"On enrage un peu" : dans le Morbihan, des éleveurs écartelés entre le poids des normes et une concurrence féroce
Comment concilier une agriculture respectueuse de l’environnement et rentable qui pour ceux qui la produisent, ceux qui travaillent la terre ? C'est l'une des questions qui agite le monde agricole depuis plusieurs jours. À Trédion (Morbihan), dans un élevage de volailles plus grand que la moyenne bretonne, ce qui pèse, c’est le poids des normes et la concurrence. Dans six grands bâtiments, il y a des poulaillers avec fenêtres. L'éleveur Jérémy Choquet recense ses poulets. "Là, on en a 17 000 exactement. C'est du poulet lourd. C'est principalement pour la restauration, restaurants, fast-foods…"
Mais le secrétaire général des Jeunes Agriculteurs de Bretagne ne compte plus les normes. Il y a d'abord celle sur le bien-être des animaux. Pour la luminosité, par exemple, une directive européenne exige de l'obscurité totale la nuit et la filière fixe les règles d'intensité la journée. "Ça, c'est le luxmètre, un capteur de luminosité, montre l'éleveur. On doit être capable de respecter 29 lux de lumière dans le bâtiment, c'est dans le cahier des charges. Donc s'il y a un gros nuage qui passe - ça arrive de temps en temps en Bretagne -, la lumière va démarrer toute seule, puis s'éteint globalement vers 23h pour que les animaux fassent leur nuit".
Inquiétude face à la concurrence
Et Jérémy Choquet, 29 ans, voit de nouvelles normes s'ajouter à chaque étape de la transition écologique de sa ferme. L'éleveur est très fier de sa chaudière biomasse. "Ce sont des poulets 'élevés au feu de bois', décrit-il. Ça nous permet d'économiser 114 tonnes de gaz par an. Donc c'est assez énorme. Et tous les fumiers sont envoyés en station de compostage, sur le site-même. On a aussi des panneaux photovoltaïques sur tous les toits de l'exploitation et ça baisse aussi forcément l'impact carbone du poulet consommé par les consommateurs."

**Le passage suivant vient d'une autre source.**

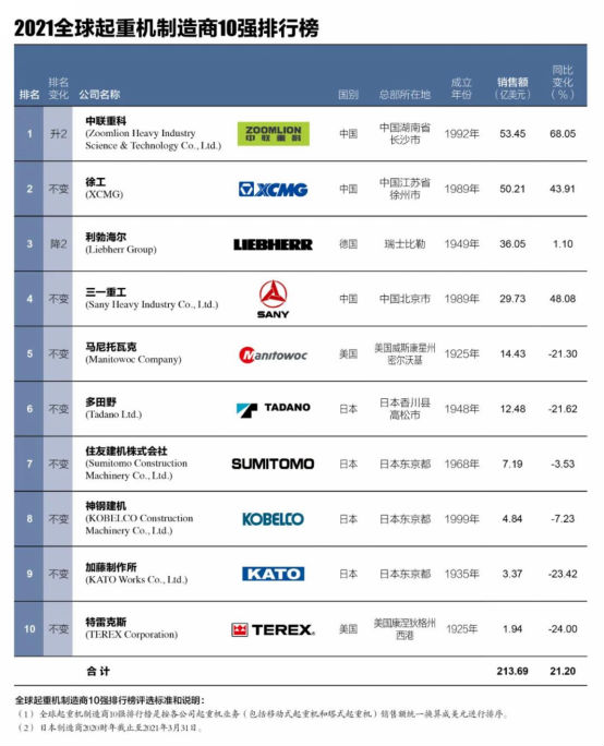 中國企業(yè)首次“奪冠”! 中聯(lián)重科問鼎“2021全球起重機(jī)制造商10強”榜首

Cet agriculteur breton a investi des centaines de milliers d'euros depuis 2018, quand il a rejoint son père sur l'exploitation familiale. Alors oui, il s'inquiète face à la concurrence ukrainienne. "Le kilo de filet de poulet en France est vendu 5,50 euros, et le poulet ukrainien arrive à un coût beaucoup plus faible que nous, à 3,50 euros."
"C'est pour ça qu'on enrage un peu quand il y a du poulet qui vient d'Ukraine en ce moment. Je ne suis pas persuadé qu'ils aient cette gestion de poulets 'élevés au feu de bois' par là-bas."
Jérémy Choquet, secrétaire général des Jeunes Agriculteurs de Bretagneà franceinfo
"C'est un peu rageant parce que nous, éleveurs français, avons investi sur notre bilan carbone, sur le bien-être animal, sur toutes ces normes qu'on a, mais qui sont hyperbénéfiques parce que je suis fier des poulets que je produis, estime Jérémy Choquet. Dans un contexte comme celui-ci, quand il y a deux euros d'écart au kilo, sur des filets de poulet, il faudrait qu'on se rende compte de la qualité qu'on produit et qu'on soit fiers de nos produits français."
Cet éleveur voudrait que l'origine des volailles soit bien affichée dans les restaurants pour expliquer les prix. Une obligation trop peu respectée, selon son interprofession.